** Records supplied follows **
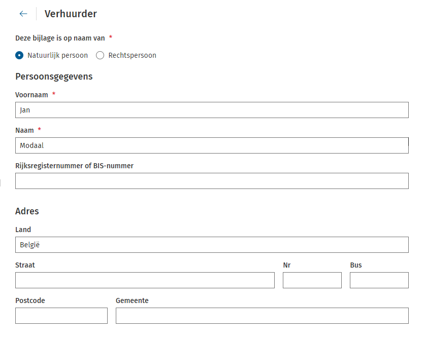 Bij de verhuurders kunnen zowel natuurlijke als rechtspersonen ingevuld worden. Afhankelijk van de keuze worden de noodzakelijke invulvelden actief.
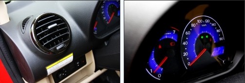 熊貓的儀表并不前衛(wèi),但藍白色搭配很清醒,也不會給人感覺沉悶,也不會給人強烈的刺激。油料和水溫都是單獨電子儀表液晶屏顯示,沒有走常規(guī)指針路線這一點也凸顯熊貓與眾不同。中控面板上的CD和空調界面有些過于普通,雖然時尚減退,但好處是利于控制成本和容易上手。
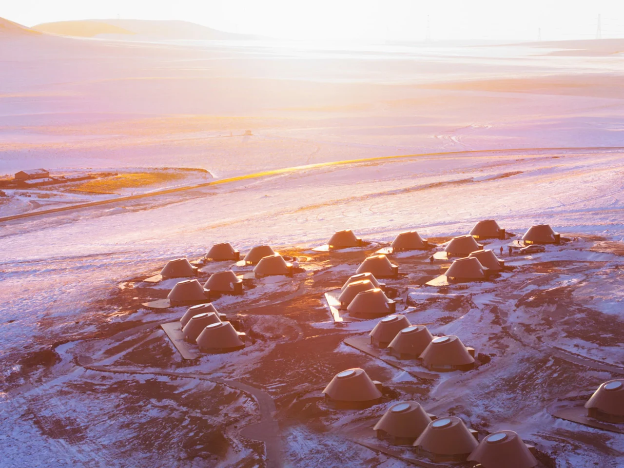 Situé dans la steppe Baiyinkulun de Mongolie intérieure, l’Hôtel Volcano-In des Arrivées se compose de cabines compactes conçues pour s’intégrer harmonieusement dans le paysage volcanique. Avec une superficie de 1 634 mètres carrés, il vise à régénérer le sol en plaçant les suites directement sur des dépressions de sable érodées.
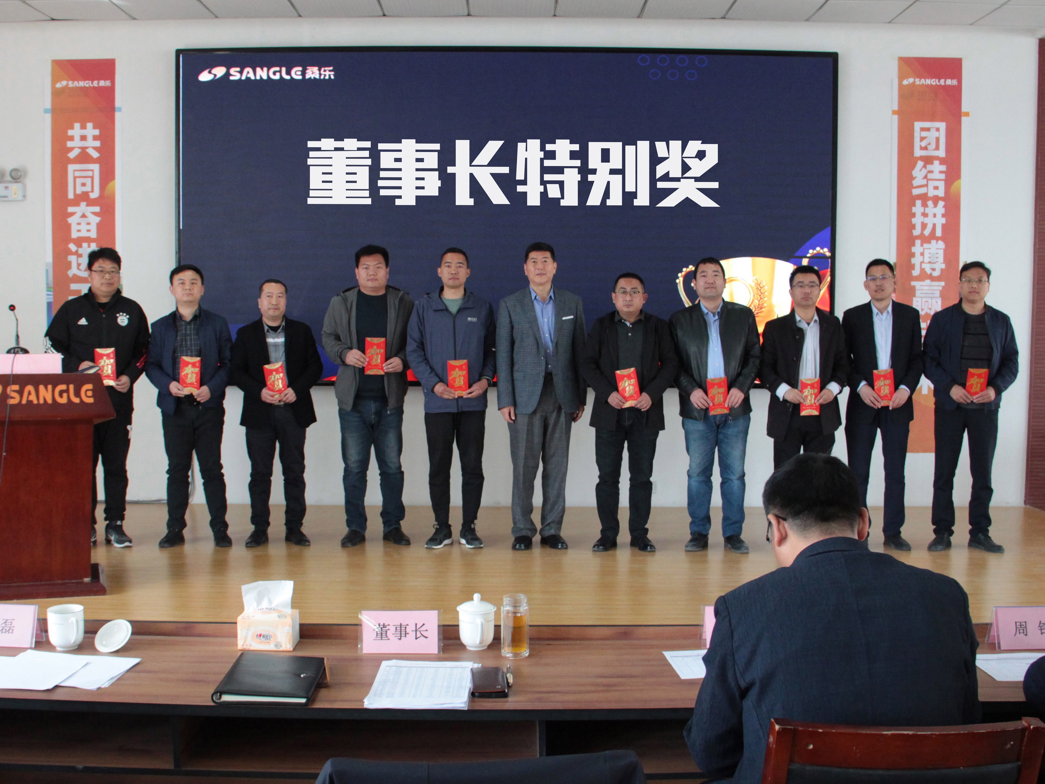 会上,董事长为获得春雷季“董事长特别奖”的销售人员颁发奖励,勉励大家再接再厉,力争二季度取得更优异的业绩!
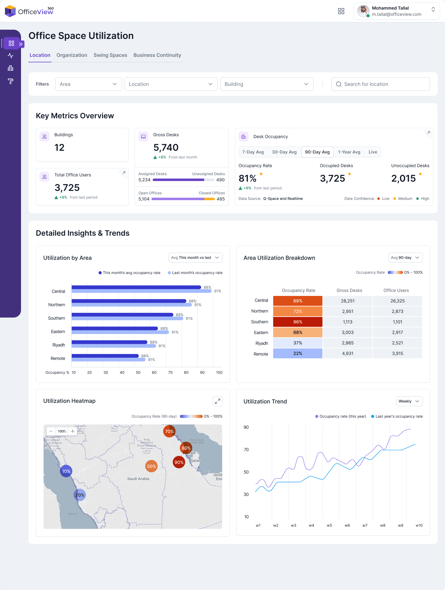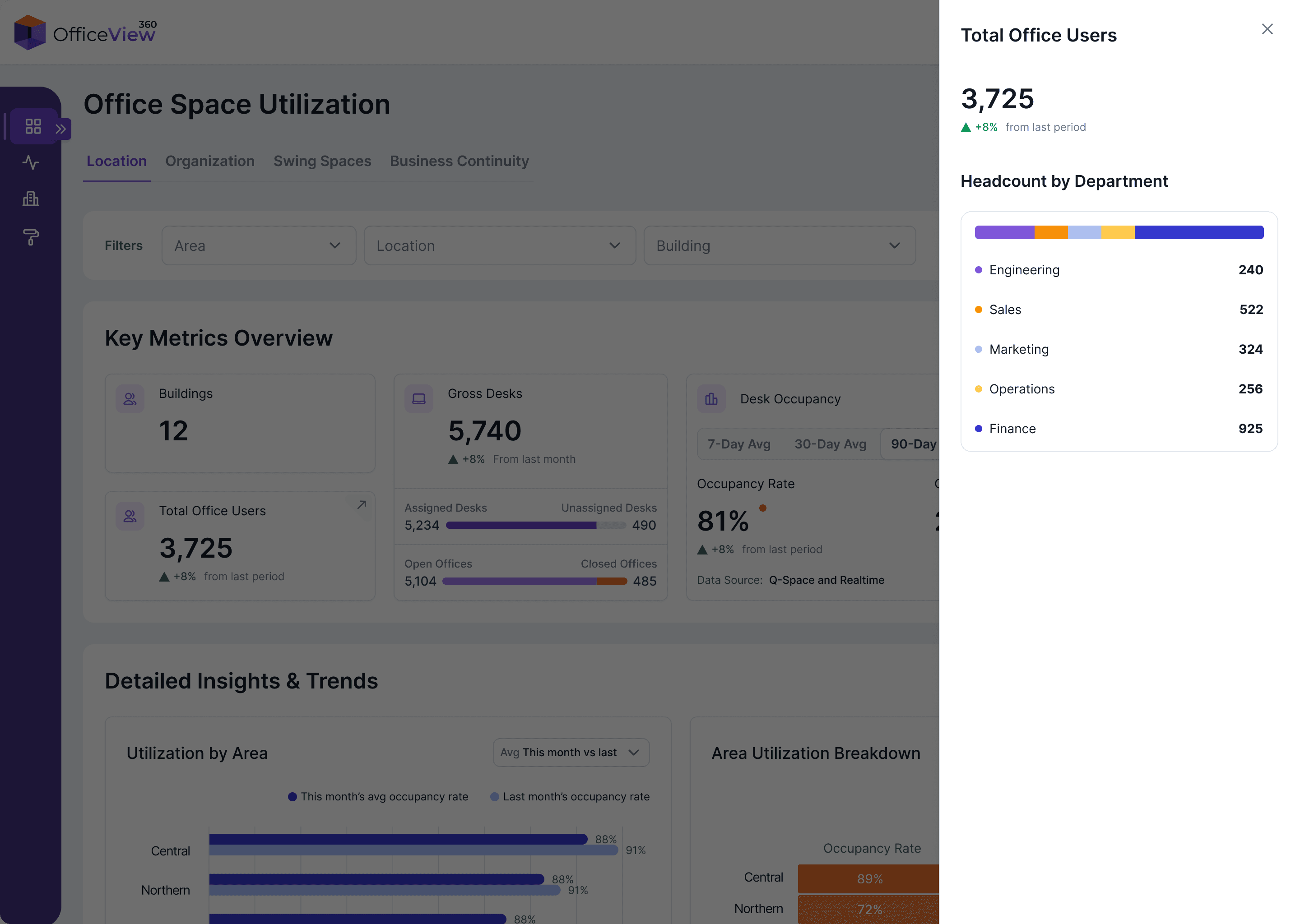 Location View: A high-level view of office occupancy when filtered by building and geographic hierarchy
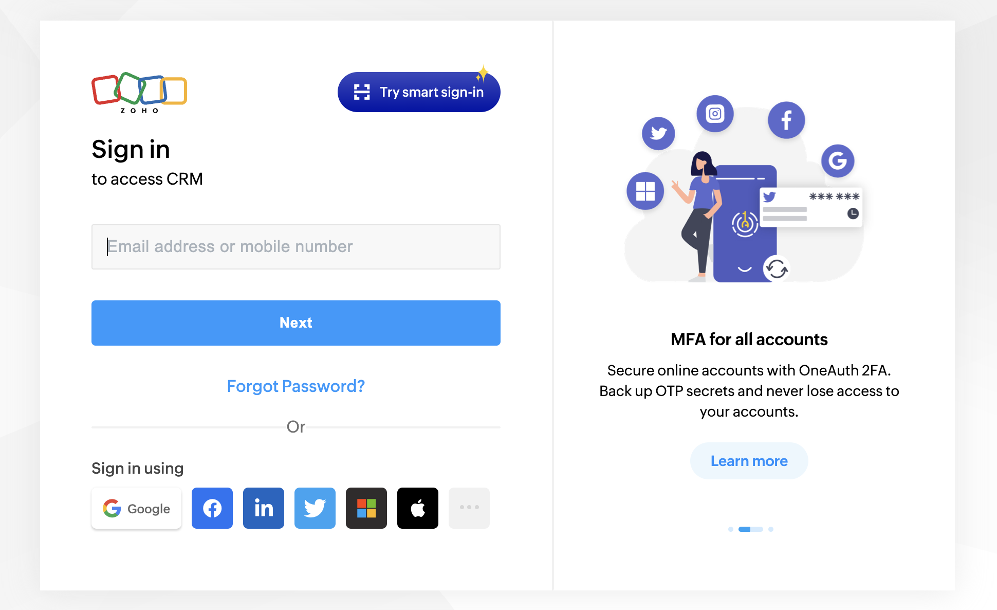 On the next page, log in to your Zoho CRM account.
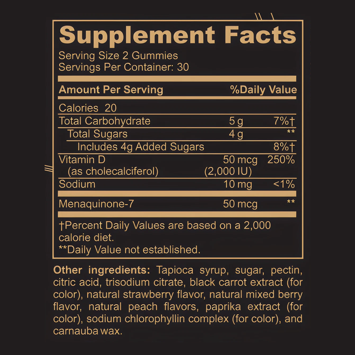 Each gummy provides 2000IU (50mcg) of Vitamin D3 in delightful peach, mango, and strawberry flavors.
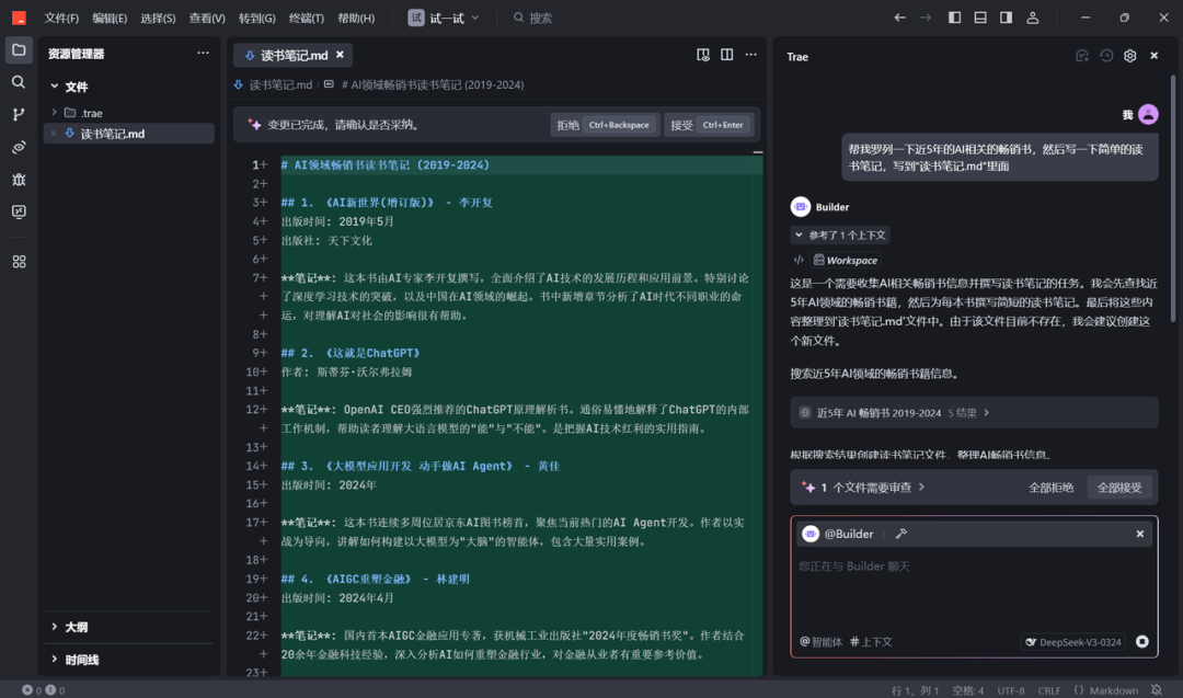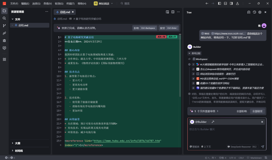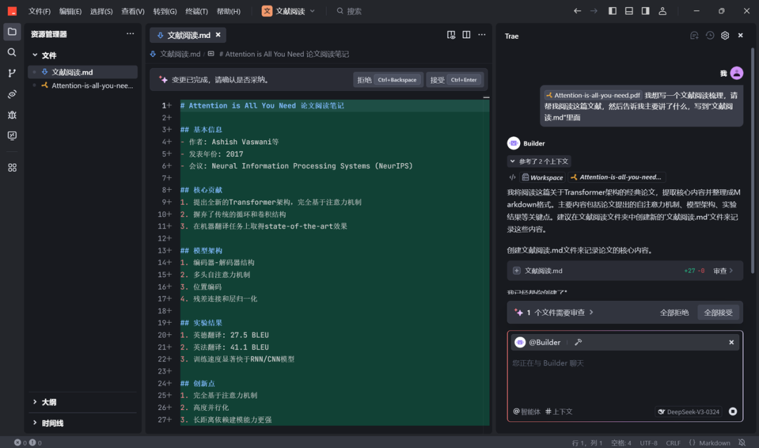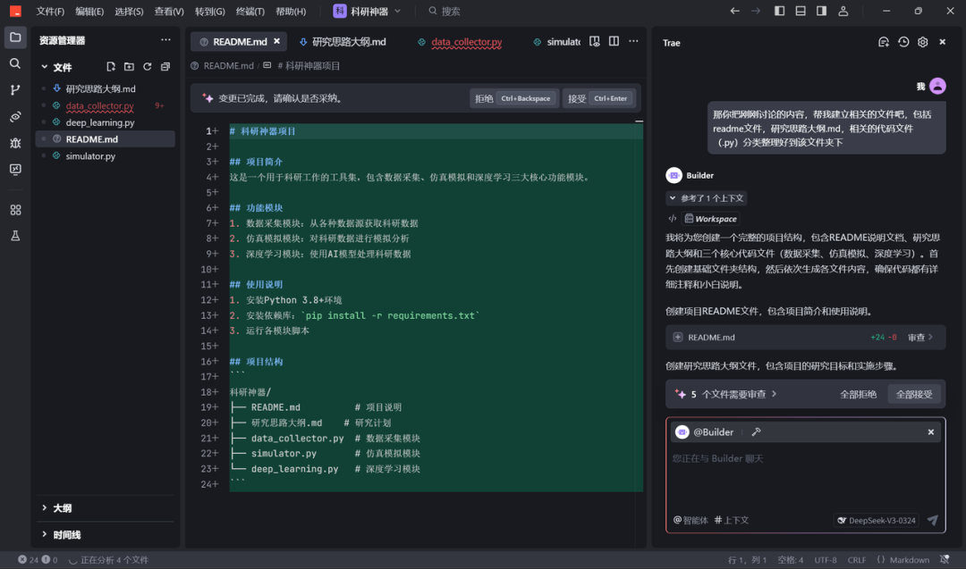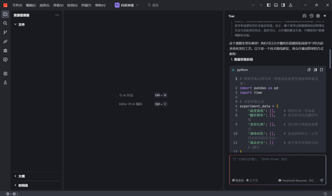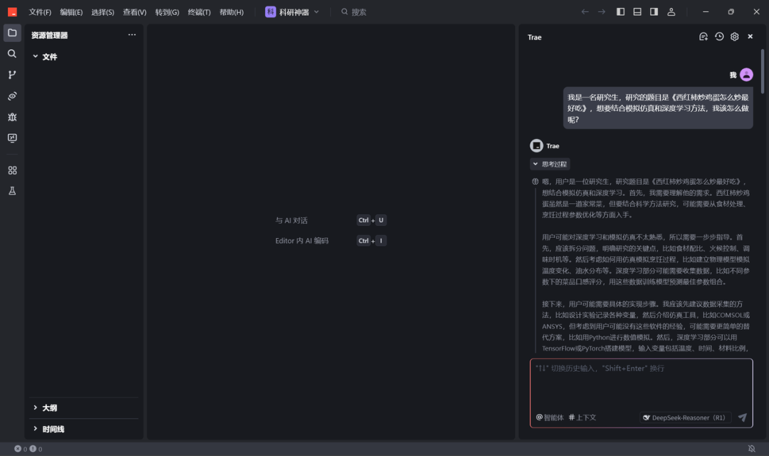 分享一个用 Trae 使用 Deepseek 模型的科研小技巧,可能不需要在多个AI平台来回切换了,直接在这个平台就可以进行。我平常会使用聊天功能 (deepseek r1 推理模型)来讨论,讨论需求、讨论选题、头脑风暴... 然后使用 @Builder模式 让它基于讨论的内容去生成、执行、写 python 代码、写 md 文档,科研yyds!解放生产力!
** End of Records supplied **
What is being asked →
For this exercise, transcribe the entries above exactly, without any pictures.

Result for this exercise →
 Bij de verhuurders kunnen zowel natuurlijke als rechtspersonen ingevuld worden. Afhankelijk van de keuze worden de noodzakelijke invulvelden actief.
 熊貓的儀表并不前衛(wèi),但藍白色搭配很清醒,也不會給人感覺沉悶,也不會給人強烈的刺激。油料和水溫都是單獨電子儀表液晶屏顯示,沒有走常規(guī)指針路線這一點也凸顯熊貓與眾不同。中控面板上的CD和空調界面有些過于普通,雖然時尚減退,但好處是利于控制成本和容易上手。
 Situé dans la steppe Baiyinkulun de Mongolie intérieure, l’Hôtel Volcano-In des Arrivées se compose de cabines compactes conçues pour s’intégrer harmonieusement dans le paysage volcanique. Avec une superficie de 1 634 mètres carrés, il vise à régénérer le sol en plaçant les suites directement sur des dépressions de sable érodées.
 会上,董事长为获得春雷季“董事长特别奖”的销售人员颁发奖励,勉励大家再接再厉,力争二季度取得更优异的业绩!
 Location View: A high-level view of office occupancy when filtered by building and geographic hierarchy
 On the next page, log in to your Zoho CRM account.
 Each gummy provides 2000IU (50mcg) of Vitamin D3 in delightful peach, mango, and strawberry flavors.
 分享一个用 Trae 使用 Deepseek 模型的科研小技巧,可能不需要在多个AI平台来回切换了,直接在这个平台就可以进行。我平常会使用聊天功能 (deepseek r1 推理模型)来讨论,讨论需求、讨论选题、头脑风暴... 然后使用 @Builder模式 让它基于讨论的内容去生成、执行、写 python 代码、写 md 文档,科研yyds!解放生产力!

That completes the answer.